Тогда, после завтрака, меня развезло, я сидел, лениво развалясь на стуле, и, естественно, мне не хотелось мыть каким-то составом пол, затоптанный вчера до грязи, а хотелось смотреть не мигая на Хадсон-ривер, на воду, и ловить лбом ветерок, и уснуть, положив руки на стол в этой светлой квартире, а Розанна чтоб стала молодой Еленой, какой она была прежде.

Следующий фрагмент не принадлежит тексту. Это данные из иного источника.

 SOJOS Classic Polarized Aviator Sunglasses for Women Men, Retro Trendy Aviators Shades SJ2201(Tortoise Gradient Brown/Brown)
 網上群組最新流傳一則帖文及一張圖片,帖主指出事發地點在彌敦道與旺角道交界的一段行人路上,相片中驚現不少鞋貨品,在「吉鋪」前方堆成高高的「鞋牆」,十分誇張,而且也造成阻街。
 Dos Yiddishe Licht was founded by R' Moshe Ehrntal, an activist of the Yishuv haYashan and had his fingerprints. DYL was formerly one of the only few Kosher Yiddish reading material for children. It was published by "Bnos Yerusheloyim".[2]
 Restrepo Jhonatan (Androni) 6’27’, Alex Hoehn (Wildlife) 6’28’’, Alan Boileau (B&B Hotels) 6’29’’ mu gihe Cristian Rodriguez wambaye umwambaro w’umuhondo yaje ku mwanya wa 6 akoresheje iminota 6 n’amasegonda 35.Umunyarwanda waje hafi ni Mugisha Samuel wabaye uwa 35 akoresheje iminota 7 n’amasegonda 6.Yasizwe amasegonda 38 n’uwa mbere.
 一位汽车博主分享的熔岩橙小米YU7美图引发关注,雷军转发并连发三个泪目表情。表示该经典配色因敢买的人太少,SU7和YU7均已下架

Никаких уснуть. Эта дама закатила мне истерику, в результате которой сумрачно, чуть не со слезами на глазах поставила вопрос ребром: или я убираю квартиру, или должен идти домой. Было еще сказано, что если я хочу спать, то я могу идти спать к ней в спальню, но сказано это было таким тоном, что куда уж тут идти спать! Мне не хотелось с ней ссориться, кроме того, я все-таки чувствовал, что виноват, что была в моем байсентениал селебрейшан поведении большая доля русского свинства. Была, признаю. Раз виноват – признаю, но я же несчастный Эдичка, войдите же в положение мое.

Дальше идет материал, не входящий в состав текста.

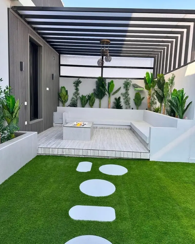 - تصاميم مرنة وعصرية 🎨: يمكن تصميم هذه الجلسات بأشكال هندسية مختلفة (دائرية، مستطيلة، مضلعة)، وتكاملها مع أنظمة الأسطح الأخرى مثل (البرجولات، وتغطيات اللكسان)، لتناسب كافة الأذواق سواء كانت كلاسيكية فاخرة أو مودرن بسيطة.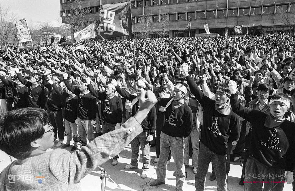 - 1989년 3월 29일 서울대 민주광장에서 서울대 총학생회 발대식을 갖고 있다. 총학생회장이 된 문광명씨는 서울지역총학생회연합 2기 부의장 겸 전국대학생대표자협의회에서 부의장을 맡고 있다.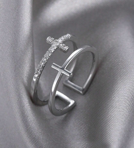 T❹❶💐1 pieza Anillo abierto cruzado de doble capa minimalista y elegante
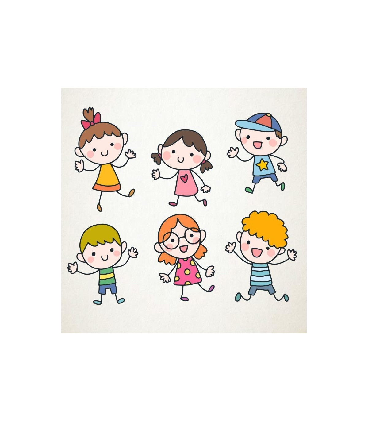 Composición de seis figuras de niños alegres, con un diseño elegante que rememora los dibujos a lapiz.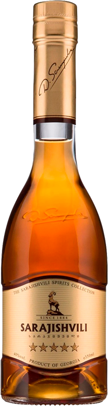 Сараджишвили 5* изготовлен по классическому методу с использованием нескольких видов коньячных спиртов, минимальный возраст которых достигает 5 лет.

Я вымыл ей пол, я выпылесосил ей ее прекрасный, самый светлый в мире коридор, спальню и все комнаты. Я сделал все, убивая свое здоровье. Это было самое большое насилие над собой в моей жизни, самое неудобное похмелье. Если бы не дерьмовое вино, которое я пил во время ее занудно-длинных телефонных разговоров, я бы не справился с уборкой, упал бы. Почти паря над самим собой, благодаря Розанн возвысившись над своим похмельем, я вдруг увидел, что и за пределами сил есть силы.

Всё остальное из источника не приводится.